Evaluation of risk scores for risk stratification of acute coronary syndromes in the Myocardial Infarction National Audit Project (MINAP) database
- 1Division of Cardiovascular and Diabetes Research, Leeds Institute of Genetics Health and Therapeutics, University of Leeds, Leeds, UK
- 2Biostatistics Unit, Centre for Epidemiology and Biostatistics, University of Leeds, Leeds, UK
- 3Swansea University, Singleton Park, Swansea, UK
- 4National Audit of Myocardial Infarction Project, National Institute for Clinical Outcomes Research, The Heart Hospital, London, UK
- 5Pinderfields General Hospital, Aberford Road, Wakefield, UK
- 6Academic Unit of Cardiovascular Medicine, The Yorkshire Heart Centre, The General Infirmary at Leeds, Leeds, UK
- Dr Christopher P Gale, Division of Cardiovascular and Diabetes Research, Leeds Institute of Genetics Health and Therapeutics, University of Leeds, Clarendon Way, West Yorkshire, Leeds LS2 9JT, UK;
- Accepted 15 April 2008
- Published Online First 8 May 2008
To compare the discriminative performance of the PURSUIT, GUSTO-1, GRACE, SRI and EMMACE risk models, assess their performance among risk supergroups and evaluate the EMMACE risk model over the wider spectrum of acute coronary syndrome (ACS).
Design: Observational study of a national registry.
Setting: All acute hospitals in England and Wales.
Patients: 100 686 cases of ACS between 2003 and 2005.
Main outcome measures: Model performance (C-index) in predicting the likelihood of death over the time period for which they were designed. The C-index, or area under the receiver-operating curve, range 0–1, is a measure of the discriminative performance of a model.
Results: The C-indexes were: PURSUIT C-index 0.79 (95% confidence interval 0.78 to 0.80); GUSTO-1 0.80 (0.79 to 0.81); GRACE in-hospital 0.80 (0.80 to 0.81); GRACE 6-month 0.80 (0.79 to 0.80); SRI 0.79 (0.78 to 0.80); and EMMACE 0.78 (0.77 to 0.78).

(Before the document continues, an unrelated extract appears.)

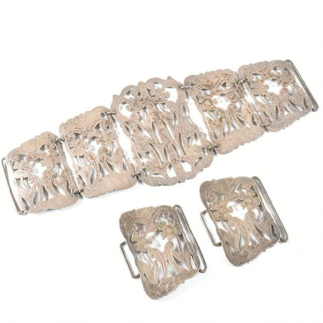 A collection of Edwardian EPNS nurse's belts. The lot to include a EPNS nurse's belt with pierced and etched links to a central hook clasp. An EPNS nurse's belt with pierced links and a central buckle with vacant cartouche. The belt having a hook clasp to the back. A silver plate nurse's belt with cast links to pierced central buckle. A section of an EPNS nurse's belt with pierced and etched links with foliate design. Sold as seen, missing the front section. Belts measure 63.9-73cm. Section measures 22cm. Total weight 554.2g. All weights, measurements and sizes are approximate.

EMMACE maintained its ability to discriminate 30-day mortality throughout different ACS diagnoses. Recalibration of the model offered no notable improvement in performance over the original risk equation. For all models the discriminative performance was reduced in patients with diabetes, chronic renal failure or angina.
Conclusion: The five ACS risk models maintained their discriminative performance in a large unselected English and Welsh ACS population, but performed less well in higher-risk supergroups. Simpler risk models had comparable performance to more complex risk models. The EMMACE risk score performed well across the wider spectrum of ACS diagnoses.
CG researched and wrote the manuscript. SM performed the statistics and wrote the article. CW, PB, JB and AH reviewed, wrote and critically appraised the article. All authors read and approved the final manuscript. The extract from the MINAP database was provided by JB.
Funding: MINAP is funded by the Healthcare Commission.
Competing interests: None.
Ethics approval: Ethics approval was not required.